Your goal: With the pictures omitted, repeat exactly the lines below starting with the line that has "For us with" and going on through the line that has "Children's traditional red".

Data shown:
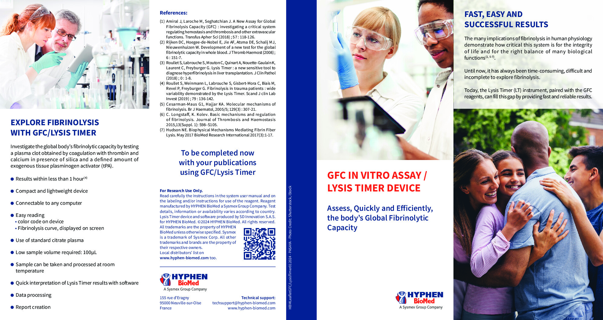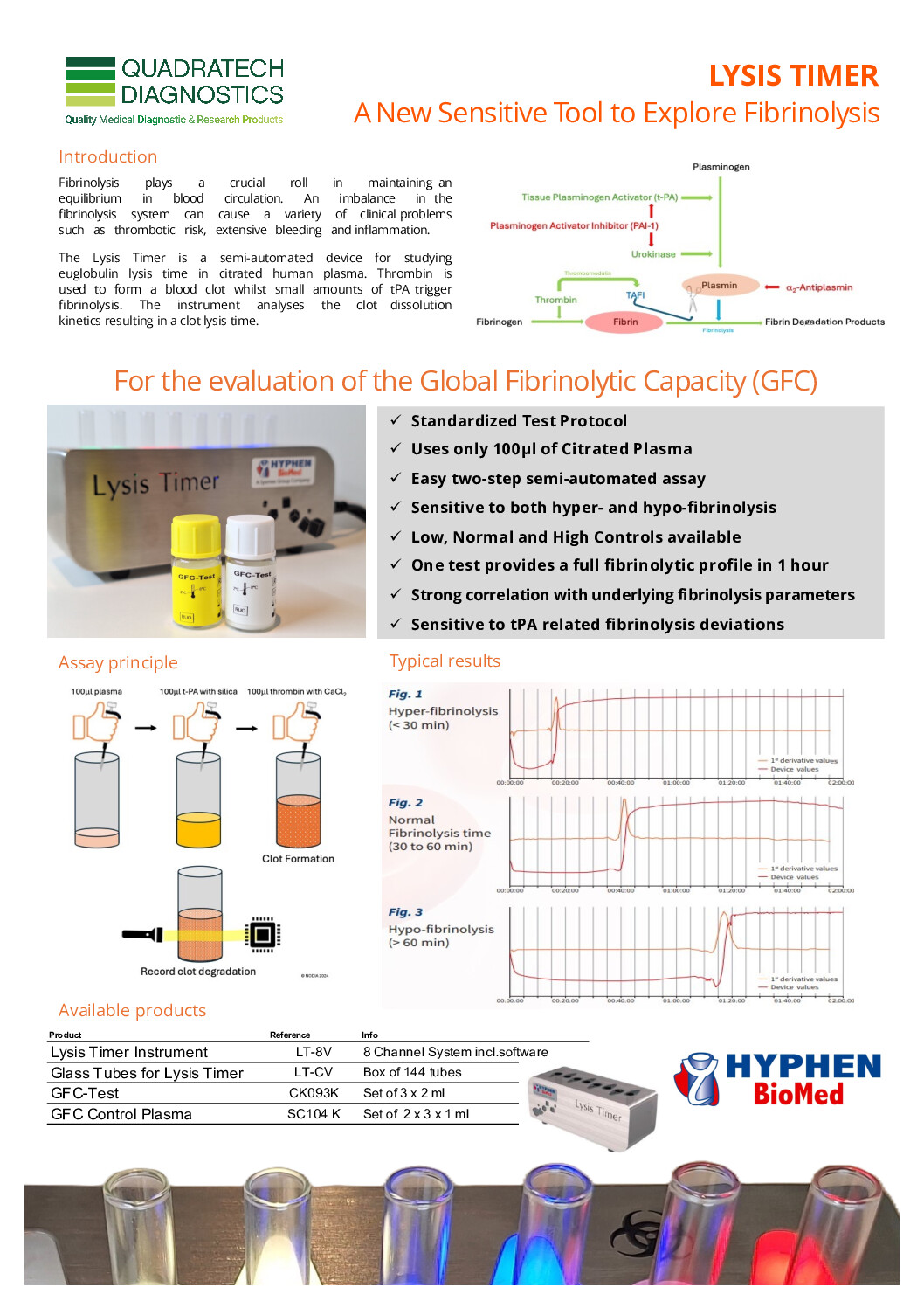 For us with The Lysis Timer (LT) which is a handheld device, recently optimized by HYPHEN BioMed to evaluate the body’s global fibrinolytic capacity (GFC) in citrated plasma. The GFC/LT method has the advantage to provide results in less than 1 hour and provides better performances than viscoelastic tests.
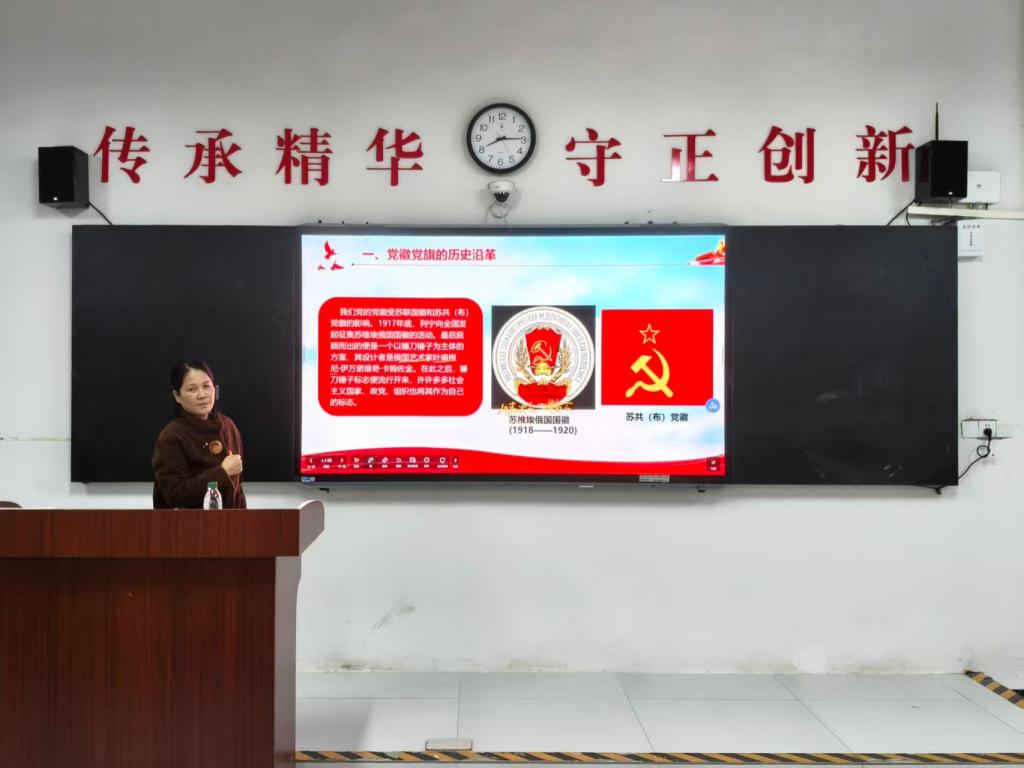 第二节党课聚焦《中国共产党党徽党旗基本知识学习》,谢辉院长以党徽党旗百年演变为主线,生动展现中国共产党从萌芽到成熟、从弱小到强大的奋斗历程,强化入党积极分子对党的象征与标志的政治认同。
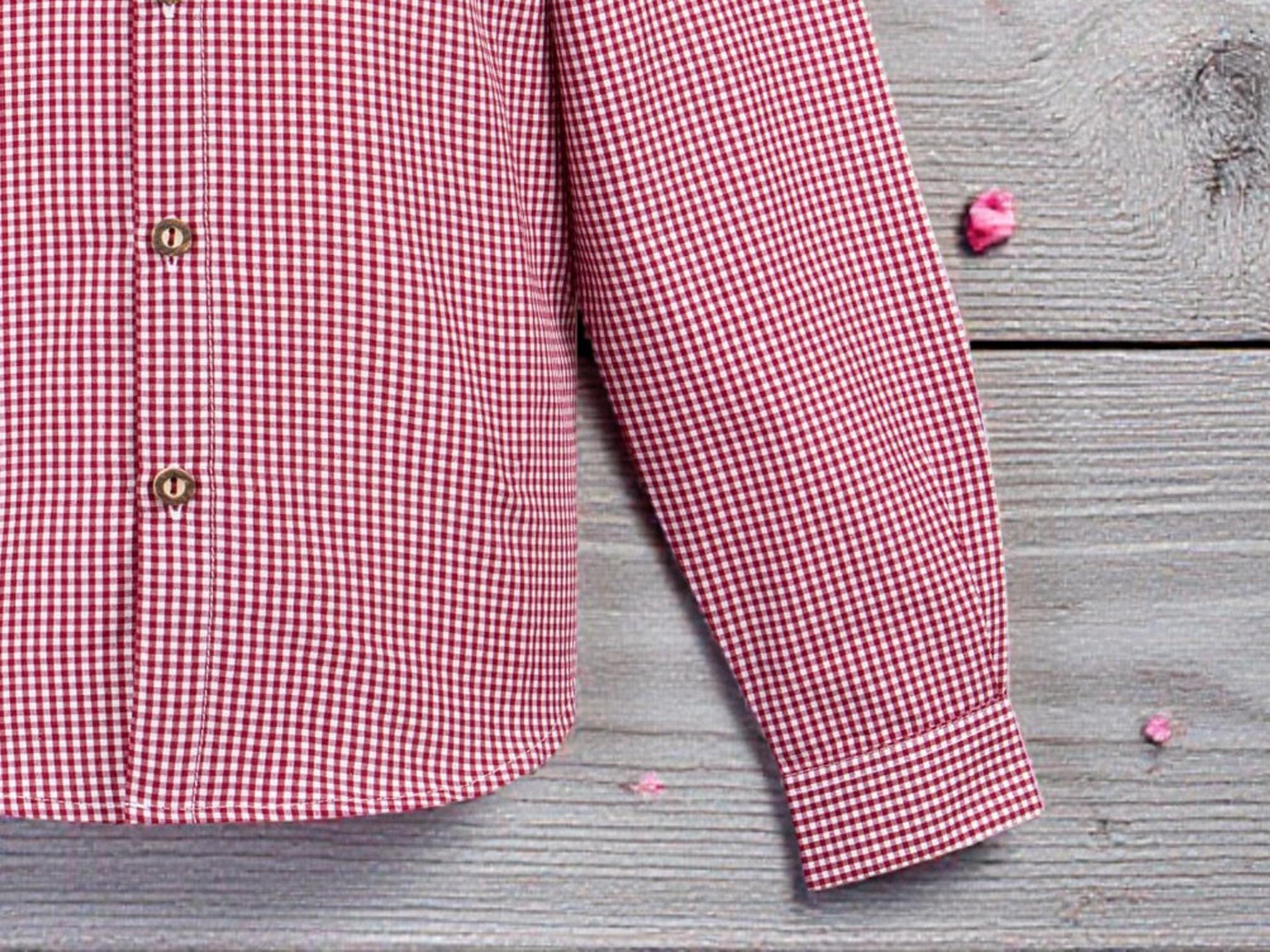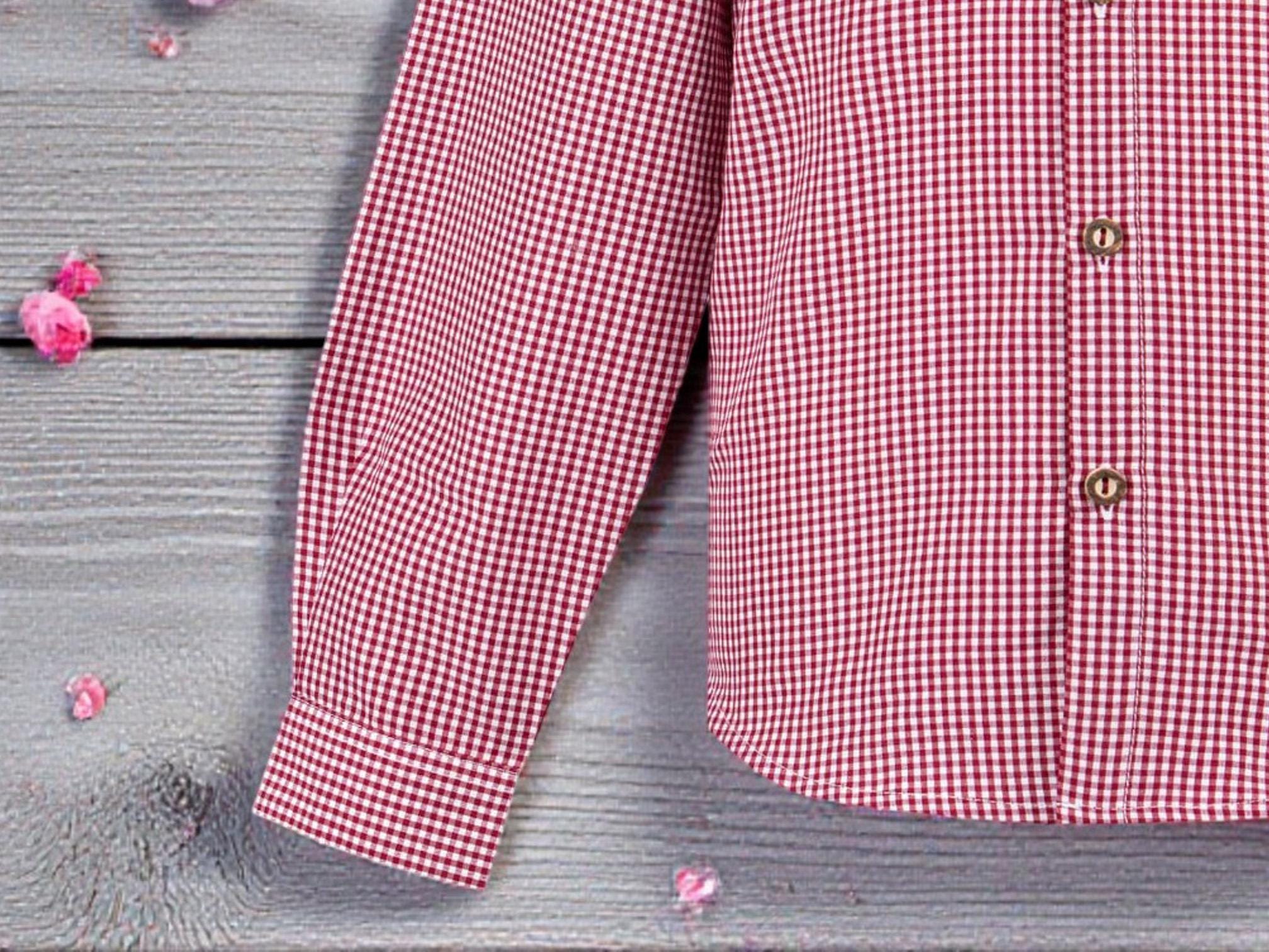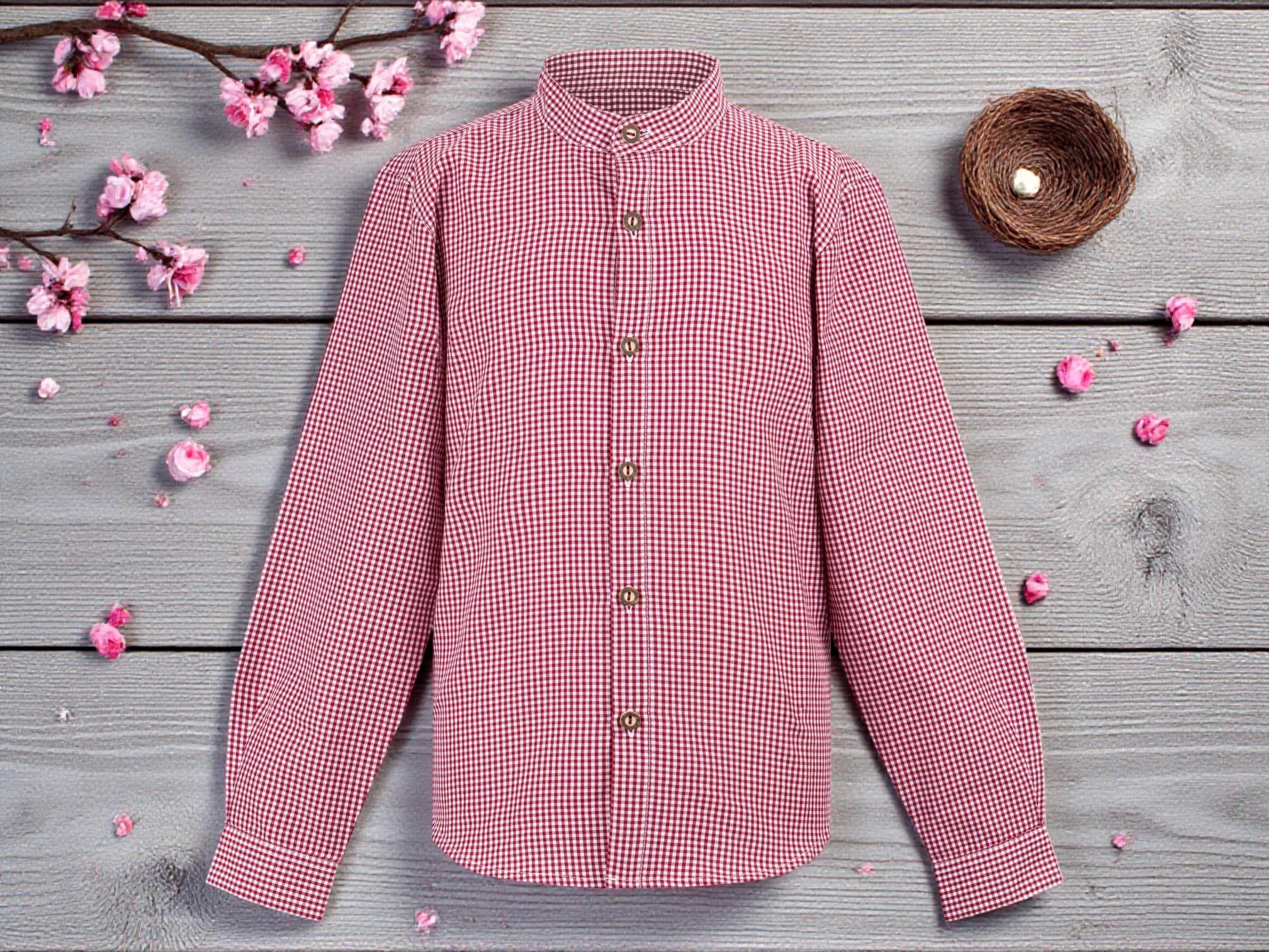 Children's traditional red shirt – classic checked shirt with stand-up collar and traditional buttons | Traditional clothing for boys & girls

---

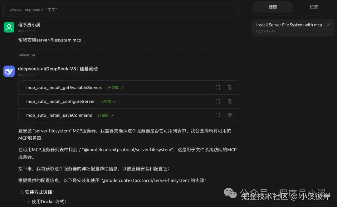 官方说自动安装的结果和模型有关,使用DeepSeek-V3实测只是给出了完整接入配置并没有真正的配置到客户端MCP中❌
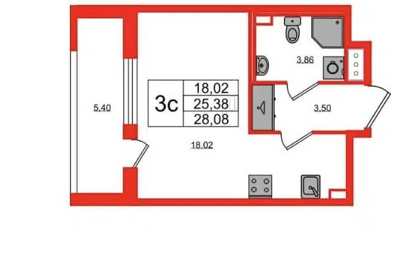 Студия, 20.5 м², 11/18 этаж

Reply:
 For us with The Lysis Timer (LT) which is a handheld device, recently optimized by HYPHEN BioMed to evaluate the body’s global fibrinolytic capacity (GFC) in citrated plasma. The GFC/LT method has the advantage to provide results in less than 1 hour and provides better performances than viscoelastic tests.
 第二节党课聚焦《中国共产党党徽党旗基本知识学习》,谢辉院长以党徽党旗百年演变为主线,生动展现中国共产党从萌芽到成熟、从弱小到强大的奋斗历程,强化入党积极分子对党的象征与标志的政治认同。
 Children's traditional red shirt – classic checked shirt with stand-up collar and traditional buttons | Traditional clothing for boys & girls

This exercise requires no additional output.